Your goal
Please retype the listing exactly as it appears, skipping each picture.

Dataset section
____

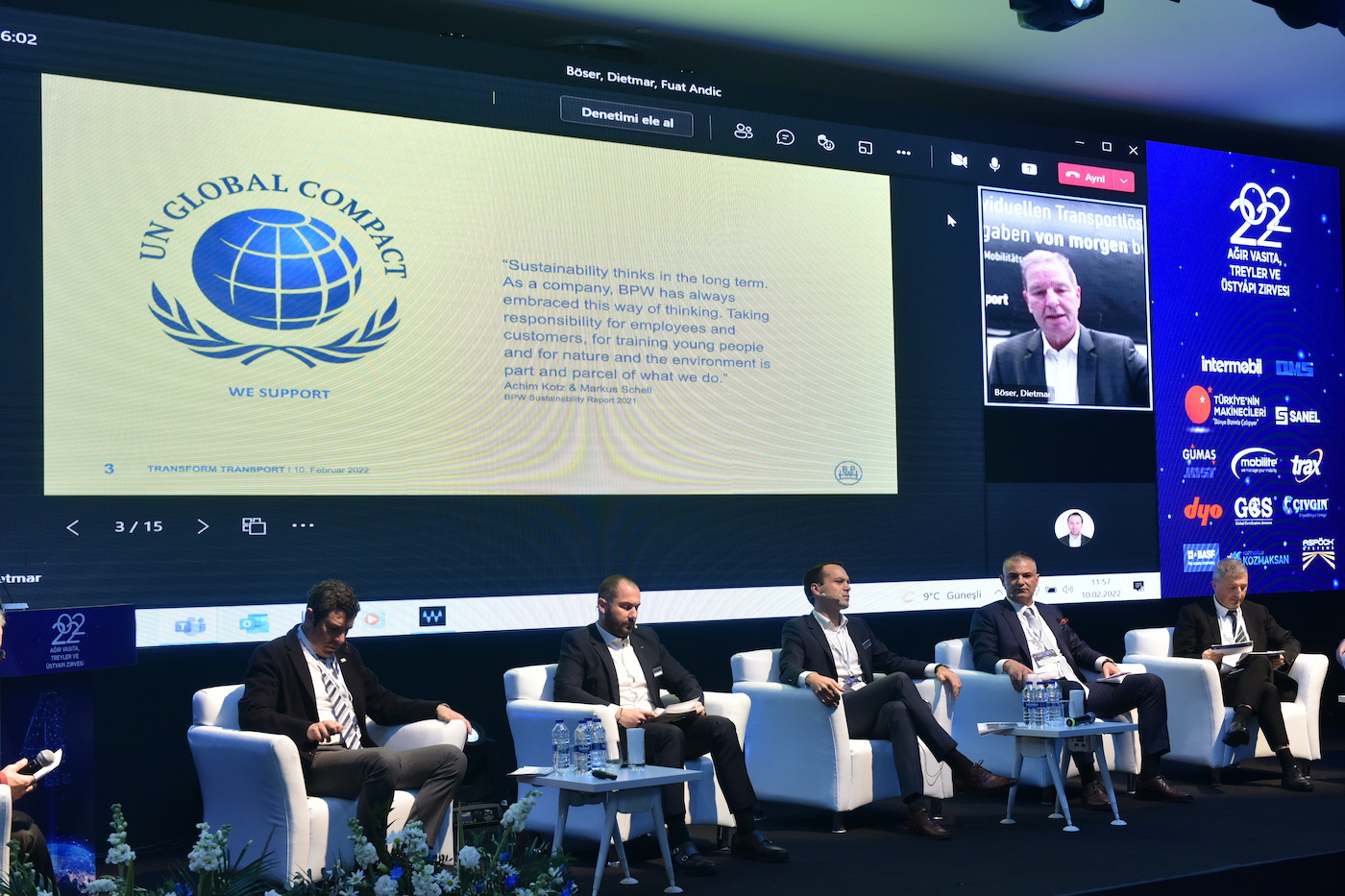 Kassbohrer Yönetim Kurulu Üyesi İffet Türken, sürdürülebilirliğin dünyada en önemli konu haline geldiğini belirterek, yük taşımacılığının Avrupa'da 2040 yılına kadar yüzde 45 artacağını bunun için adımların şimdiden atılmaya başlandığını anlattı. Yeni araç kombinasyonları ve yeni mevzuatları gerekli kılan gelişmelerin ortaya çıktığını aktaran Türken, “Emisyon şartlarını biz memnuniyetle karşılıyoruz. Ar-Ge’mizi ön plana çıkarıyoruz. Geniş bir inovasyon ekosisteminde müşterilerimizle, tedarikçilerimizle, üniversitelerle iş birliği içinde çalışmalıyız. İntermordal dediğimiz taşımalar ön plana çıkıyor, daha uzun araçlar gelişiyor. Bu gelişmeleri destekliyoruz, akıllı teknolojileri yatırım yapılması gerektiğine inanıyoruz. Avrupa İnovasyon Ödüllerinde 2021 yılında 3 ketagoride ödül kazandık.” diye konuştu.
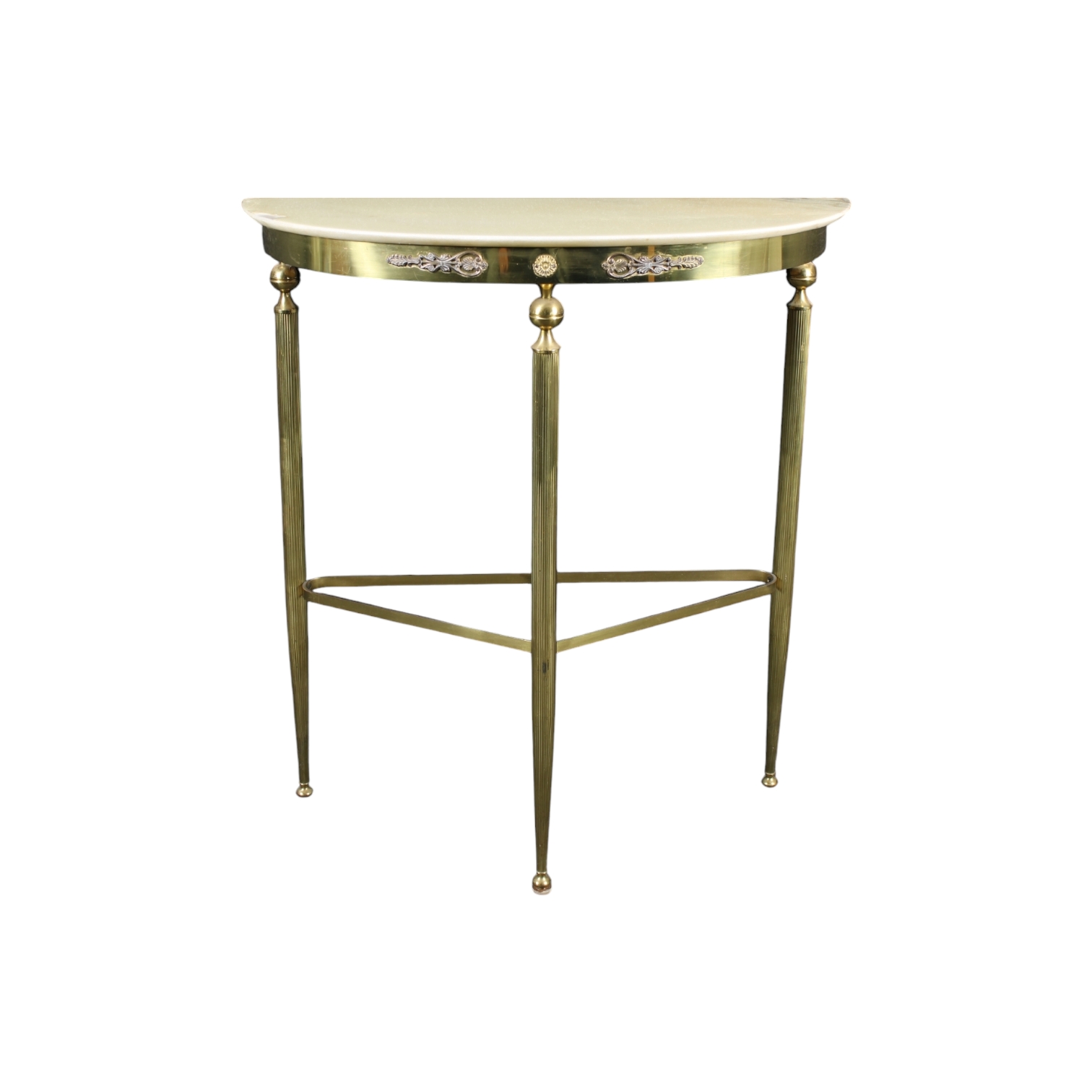 CONSOLLE in ottone con base in marmo produzione italiana anni 50, usure del tempo e difetti h cm 85 x 76 x 30
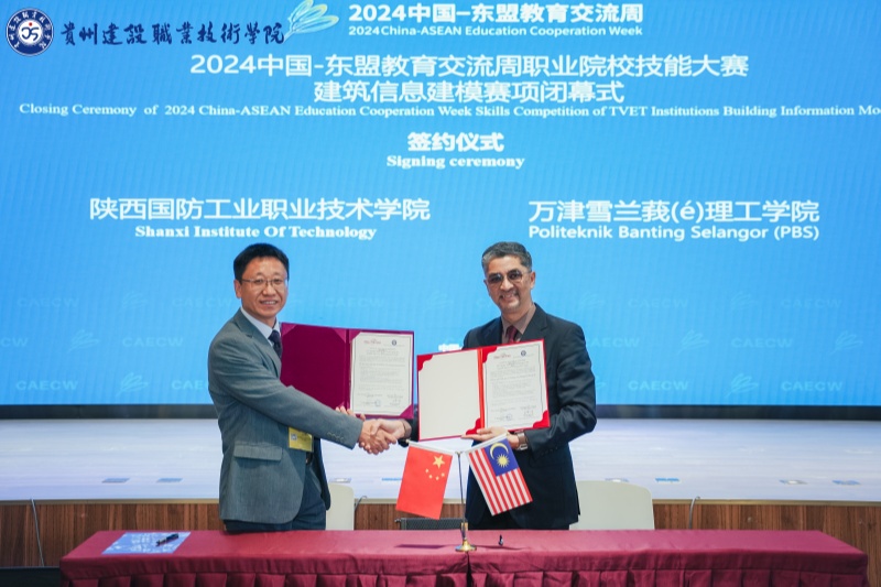 8月20日至25日,2024年中国-东盟教育交流周在贵阳举办。8月22日,我校副校长孟繁增与马来西亚万津雪莪理工学院校长Ibrahim Bin Burhan在贵州装备制造职业技术学院签署合作框架协议并交换礼物。
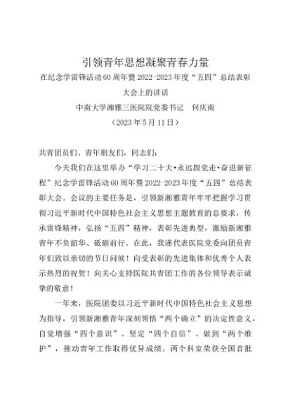 时令材料∣0305学雷锋:20230511在纪念学雷锋活动60周年暨“五四”总结表彰大会上的讲话——中南大学湘雅三医院院党委书记 何庆南

____

Result for this task
 Kassbohrer Yönetim Kurulu Üyesi İffet Türken, sürdürülebilirliğin dünyada en önemli konu haline geldiğini belirterek, yük taşımacılığının Avrupa'da 2040 yılına kadar yüzde 45 artacağını bunun için adımların şimdiden atılmaya başlandığını anlattı. Yeni araç kombinasyonları ve yeni mevzuatları gerekli kılan gelişmelerin ortaya çıktığını aktaran Türken, “Emisyon şartlarını biz memnuniyetle karşılıyoruz. Ar-Ge’mizi ön plana çıkarıyoruz. Geniş bir inovasyon ekosisteminde müşterilerimizle, tedarikçilerimizle, üniversitelerle iş birliği içinde çalışmalıyız. İntermordal dediğimiz taşımalar ön plana çıkıyor, daha uzun araçlar gelişiyor. Bu gelişmeleri destekliyoruz, akıllı teknolojileri yatırım yapılması gerektiğine inanıyoruz. Avrupa İnovasyon Ödüllerinde 2021 yılında 3 ketagoride ödül kazandık.” diye konuştu.
 CONSOLLE in ottone con base in marmo produzione italiana anni 50, usure del tempo e difetti h cm 85 x 76 x 30
 8月20日至25日,2024年中国-东盟教育交流周在贵阳举办。8月22日,我校副校长孟繁增与马来西亚万津雪莪理工学院校长Ibrahim Bin Burhan在贵州装备制造职业技术学院签署合作框架协议并交换礼物。
 时令材料∣0305学雷锋:20230511在纪念学雷锋活动60周年暨“五四”总结表彰大会上的讲话——中南大学湘雅三医院院党委书记 何庆南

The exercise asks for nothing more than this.